# Run this cell to set up packages for lecture.
from lec21_imports import *
Agenda¶
- Example: Is our coin fair?
- p-values and conventions for consistency.
- Example: Midterm scores.
- Does this sample look like it was drawn from this population?
- Example: Jury selection in Alameda County.
- Total variation distance.
Example: Is our coin fair?¶
Example: Is our coin fair?¶
Last time we looked at an example where we found a coin on the ground, flipped it 400 times, and used the results to determine whether the coin was likely fair.
# The results of our 400 flips.
flips_400 = bpd.read_csv('data/flips-400.csv')
flips_400.groupby('outcome').count()
flip | |
---|---|
outcome | |
Heads | 188 |
Tails | 212 |
Question: Does our coin look like a fair coin, or not?
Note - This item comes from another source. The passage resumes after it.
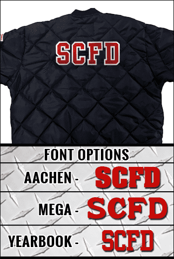 This customization option allows you to add 2 to 4 letters to the upper back of a garment. These letters are 4-inch in size and are made of twill fabric. The fabric has a glue backing that is heated into place first on the back so there are no bubbles, and then each layer of letter is sewn down. Please only enter 2-4 letters to be used, if you are looking to add more letters to your back, please call customer service for other options. There are 3 different fonts to choose from. The price is $5.99 for 1 layer of letters and $11.98 for letters with a top color and a border color.

How "weird" is it to flip a fair coin 400 times and see only 188 heads?
Stating the hypotheses¶
- The hypotheses describe two views of how our data was generated.
- Remember, the null hypothesis needs to be a well-defined probability model about how the data was generated, so that we can use it for simulation.
- One pair of hypotheses is:
- Null Hypothesis: The coin is fair.
- Alternative Hypothesis: The coin is not fair.
- A different pair is:
- Null Hypothesis: The coin is fair.
- Alternative Hypothesis: The coin is biased towards tails.
Choosing a test statistic¶
- We plan to simulate 400 flips of a fair coin, many times, and keep track of a single number, called a test statistic, each time.
- Our test statistic should be chosen such that high observed values lean towards one hypothesis and low observed values lean towards the other.
The purpose of a test statistic is to help you distinguish between the two hypotheses.
Example test statistics¶
- When choosing between "the coin is fair" and "the coin is not fair", we might select $|\text{number of heads} - 200 |.$
- When choosing between "the coin is fair" and "the coin is biased towards tails," we might select $\text{number of heads}.$
Rough guidelines for choosing a test statistic¶
The test statistic you choose depends heavily on the pair of hypotheses you are testing. That said, these general guidelines may help.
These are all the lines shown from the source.